A 23 ans, Flavien Pobelle, étudiant à Angers (Maine-et-Loire), n’est, lui, pas convaincu par la démarche vertueuse individuelle. « L’écologie est une chose importante à l’échelle mondiale, mais ce sont les pays les moins pollueurs qui font des efforts. Les plus problématiques (Russie, Etats-Unis et Chine) n’ont pas pris de mesures, rendant inutiles les efforts de l’Union européenne. A mes yeux, ces mesures freinent l’économie française. »

Atypiques, Christophe et Flavien ? Au contraire. Ils illustrent la diversité des nombreuses réponses obtenues à l’appel « Réfractaires au développement durable, témoignez », lancé fin mars sur Lemonde.fr. Alors que se tient, du 1er au 7 avril, la 10e Semaine du développement durable, un « écolo-scepticisme » s’est installé en France. Le phénomène est en progression. 45 % des 4 500 Français sondés en juin 2011 par l’Ipsos trouvent « qu’on en fait trop sur le réchauffement climatique » (tout à fait d’accord 11 %, plutôt d’accord 34 %). Cette proportion d’écolo-sceptiques n’était que d’un tiers en 2008. « Les gens ont eu peur, mais ont de moins en moins peur », résume Rémy Oudghiri, directeur du département tendances.

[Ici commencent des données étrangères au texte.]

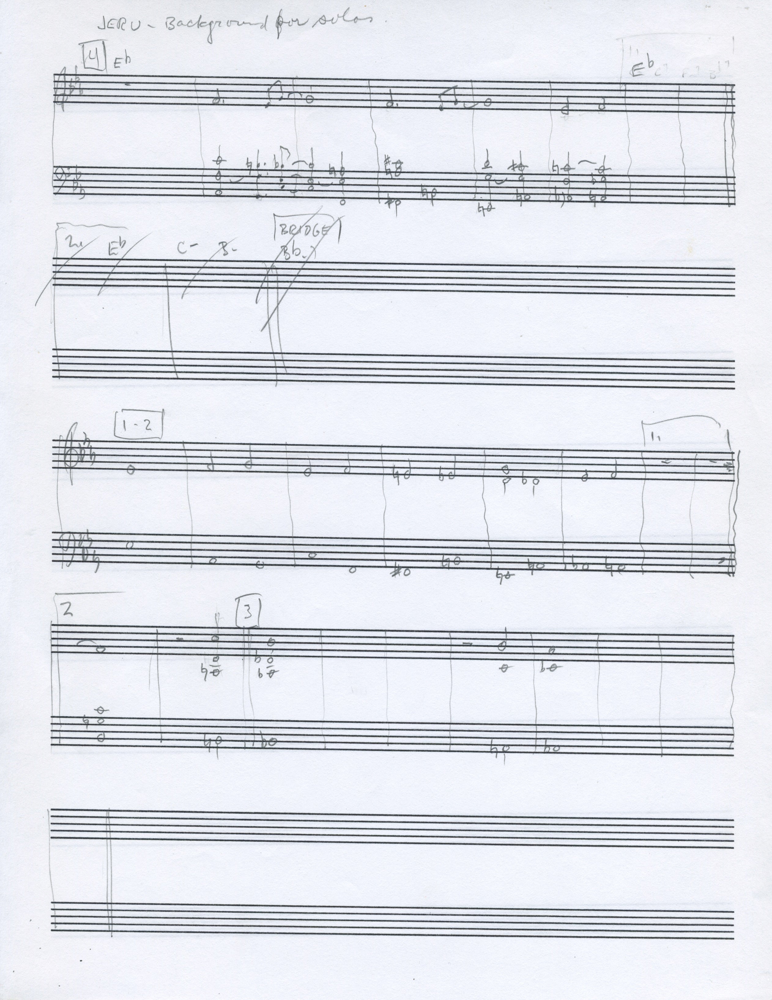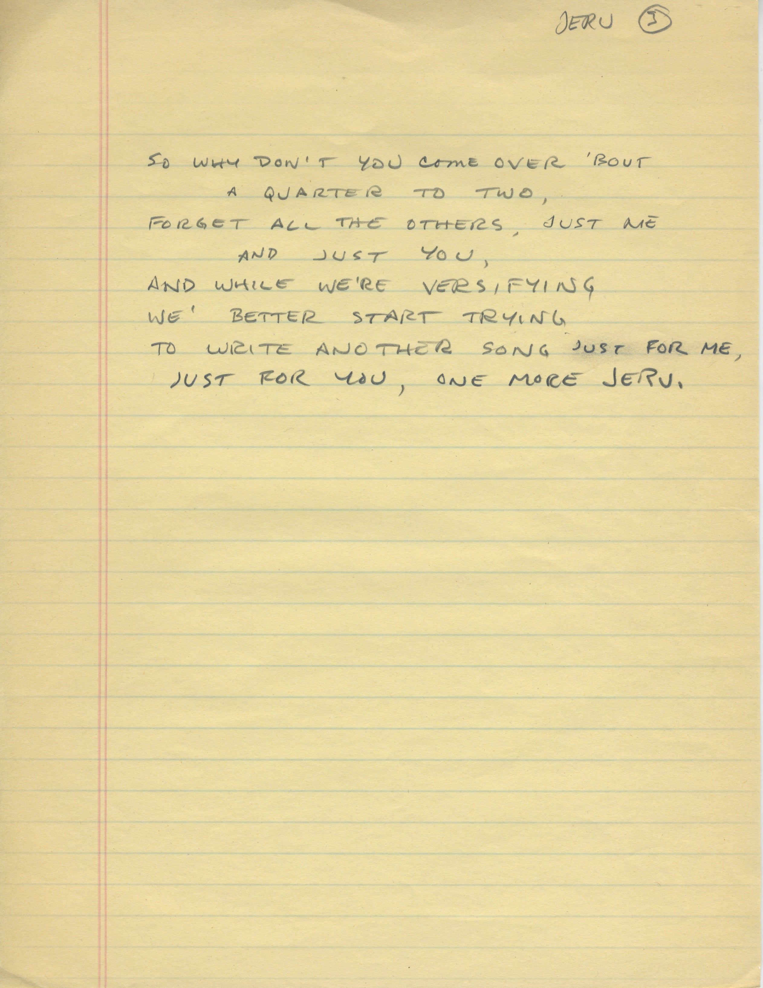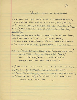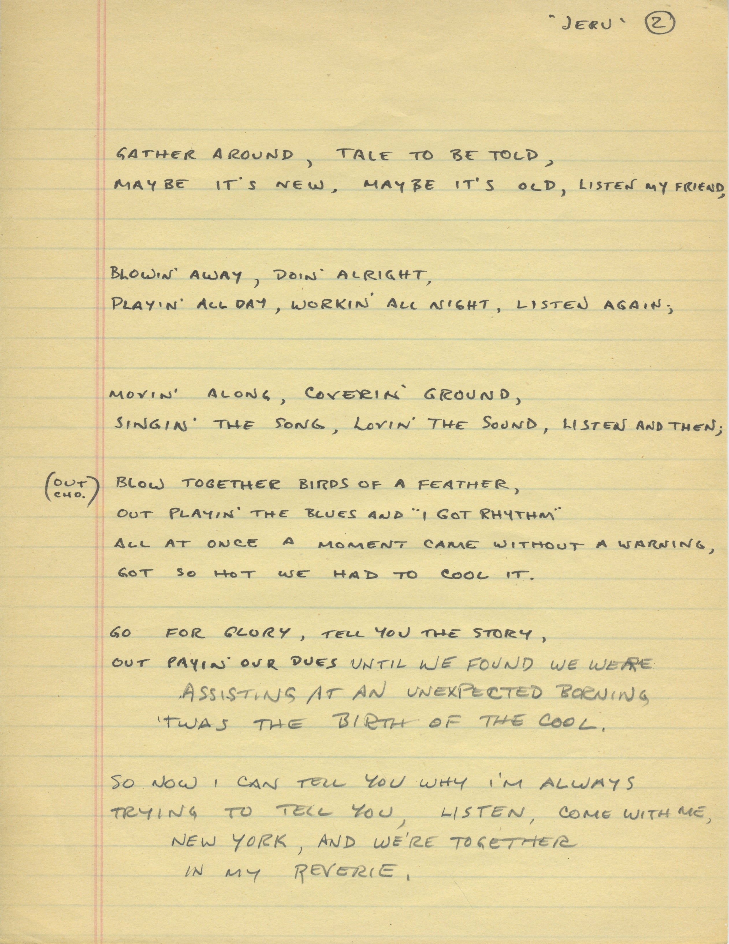 The song "Jeru," first recorded on Miles Davis' CD Birth of the Cool, is generally an instrumental number, and we have been unable to find any recordings using the present text. These clever and self-referential lyrics, with many internal rhymes ("Just for all the lovely people that you see in the road / We'll sing them a song in Jeruvian mode / If I can have a pref'rence, I'll even make ref'rence / to why you write a song like Jeru, just for you...") fit well to the song's upbeat opening lick, although they would require a highly agile singer to match the speed of the horns! The text to the bridge ("Then if you'd be kind enough to / tell me why you / write these ex- / ten- / ded / brid- / ges...") is trickier to match to the music, and the second and third pages of text fall out of sync with the structure of the song (as recorded on Birth of the Cool and Re-Birth of the Cool.) While it appears the lyrics were probably written after the song, we have not established whether they have ever been used in performance.

Jean-Marie Boucher, fondateur du site vert Consoglobe.fr, confirme la tendance. « Entre un quart et un tiers de la population est touchée par cette écorésistance », estime-t-il. « En 2007, avec l’effet d’euphorie lié au succès du film d’Al Gore (« Une vérité qui dérange », documentaire sorti en 2006), il était mal vu de n’être pas écolo. L’infléchissement du comportement a eu lieu en 2009. Une certaine écolassitude est apparue », se souvient-il. Cette année-là, le sommet pour la planète de Copenhague accouche d’une souris. « Une partie des consommateurs a alors fait son coming out. Sur le site sont apparus des messages parlant de complots industriels pour consommer des produits verts », poursuit M. Boucher. « Cette écorésistance s’est ensuite accentuée avec la crise. » Résultat : Consoglobe.fr a gommé les slogans trop militants : « Nous ne disons plus que le troc, que nous proposons en ligne, est bon pour la planète, mais plutôt pour le porte-monnaie », reconnaît-il.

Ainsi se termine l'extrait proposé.